Tip #4: Load up on the Veggies!

       Almost every single college has a salad bar in their dining hall. Before you start every meal, get a nice big salad. Veggies are very low in calorie and high in volume. So, you can eat a ton of them for very little caloric value. Veggies are also loaded with fiber, which makes you feel full. It’s a great way to prevent overeating and to get some important nutrients in your diet. Stick to cleaner options for your main dish. Some easy and nutritious meal ideas are a burrito bowl (romaine, rice, grilled chicken, salsa, guac, cheese and sour cream!), a whole wheat sandwich, peanut butter with celery as a side, veggie burgers, etc. Remember, “junk” foods may taste good at the moment, but the feeling after your body processes it isn't too great. Food is fuel. What you put into your body directly impacts energy, performance, and overall health. Would you put terrible gas into your car?? Think about it.

 

Tip #5: Stick to Low(er) Calorie Drinks (21 yr olds only!)

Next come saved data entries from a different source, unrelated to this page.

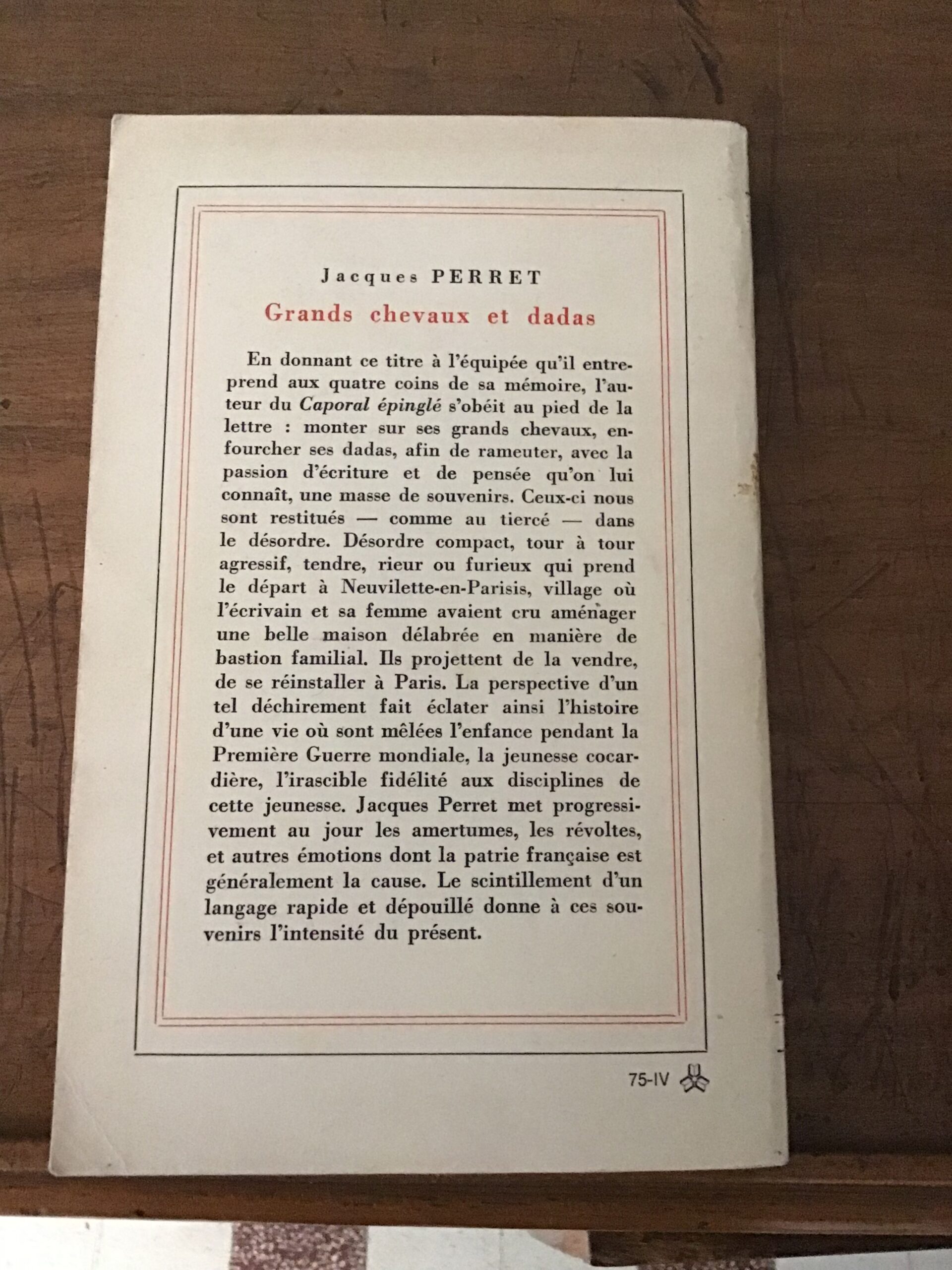 Jacques PERRET/ Grands Chevaux et Dadas/ Souvenirs/ Éditions NRF GALLIMARD 1975
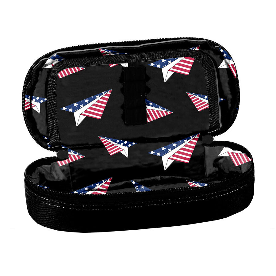 Piórnik USA NASA to niezwykle funkcjonalny, jednokomorowy dodatek, który z łatwością pomieści wszystkie niezbędne szkolne akcesoria. W jego wnętrzu znajduje się klapka z dwoma praktycznymi rozwiązaniami: z jednej strony umieszczono uchwyty na ołówki, długopisy oraz inne przybory piśmiennicze, a z drugiej – wygodną kieszonkę na zamek wykonaną z siatki. To doskonała alternatywa dla tradycyjnych piórników, które często nie mają wystarczająco dużo miejsca na dodatkowe przybory, takie jak temperówki, kleje, cyrkle, korektory czy markery. W Paso dążymy do tego, aby nasze produkty były nie tylko praktyczne, ale również uniwersalne. Z tym piórnikiem wszystko zawsze będzie mieć swoje miejsce.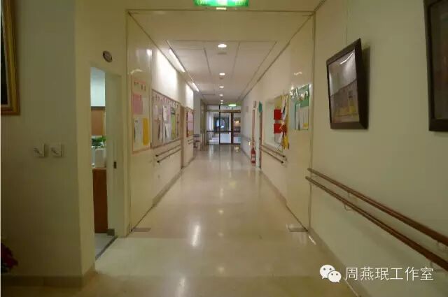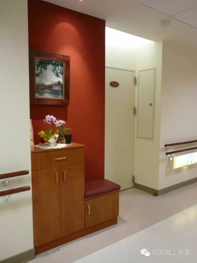 小小缺憾:调研中注意到,一些室内设计比较考究的养老机构通常有着一整套的VI体系(即:视觉识别系统),其色彩配置在和谐雅致方面做得很不错。但有时仅仅关注了色彩的“统一性”,对长期住在里面的老人而言却缺少了一些变化和趣味性;而对偶尔来参观的访客或来探视老人的亲友来说,空间给其留下的印象可能也不深刻。

       We all know college students are known to party. But, don’t get trapped in a cycle of drinking excessive amounts every single weekend. Drinking on occasion won’t kill you, but remember not to overdo it. Stick to drinks lower in calorie, like vodka and diet pop/soda. Consuming mixed drinks could be delicious, but they are also a loaded sugar trap. If you consume multiple drinks, you also are consuming loads of carbs and sugar! Limit yourself to only a couple drinks, and have them mixed with a diet drink. That will cut down on the calories and carb content. Also, do your best to not order any “drunk foods”. Eating pizza, Insomnia Cookies, or Chicken and Waffles (an Ohio University thing!) will not only sabotage progress you made, but also probably won’t make you feel so hot the next day when you remember all that you ate. Drink lots of water in between drinks as well!

 

I competed while living in a dorm room with no kitchen and no car. Being healthy can be done, but you have to make it a priority. No one ever regrets a workout, so even on days you aren’t feeling it, push yourself. I promise you will feel amazing after.

Let’s just recap and make this very simple: Consume enough protein, plan your workouts, get a workout buddy, don’t forget your veggies, and drink wisely. Simple, right? College is a once in a lifetime experience. Have fun and stay healthy!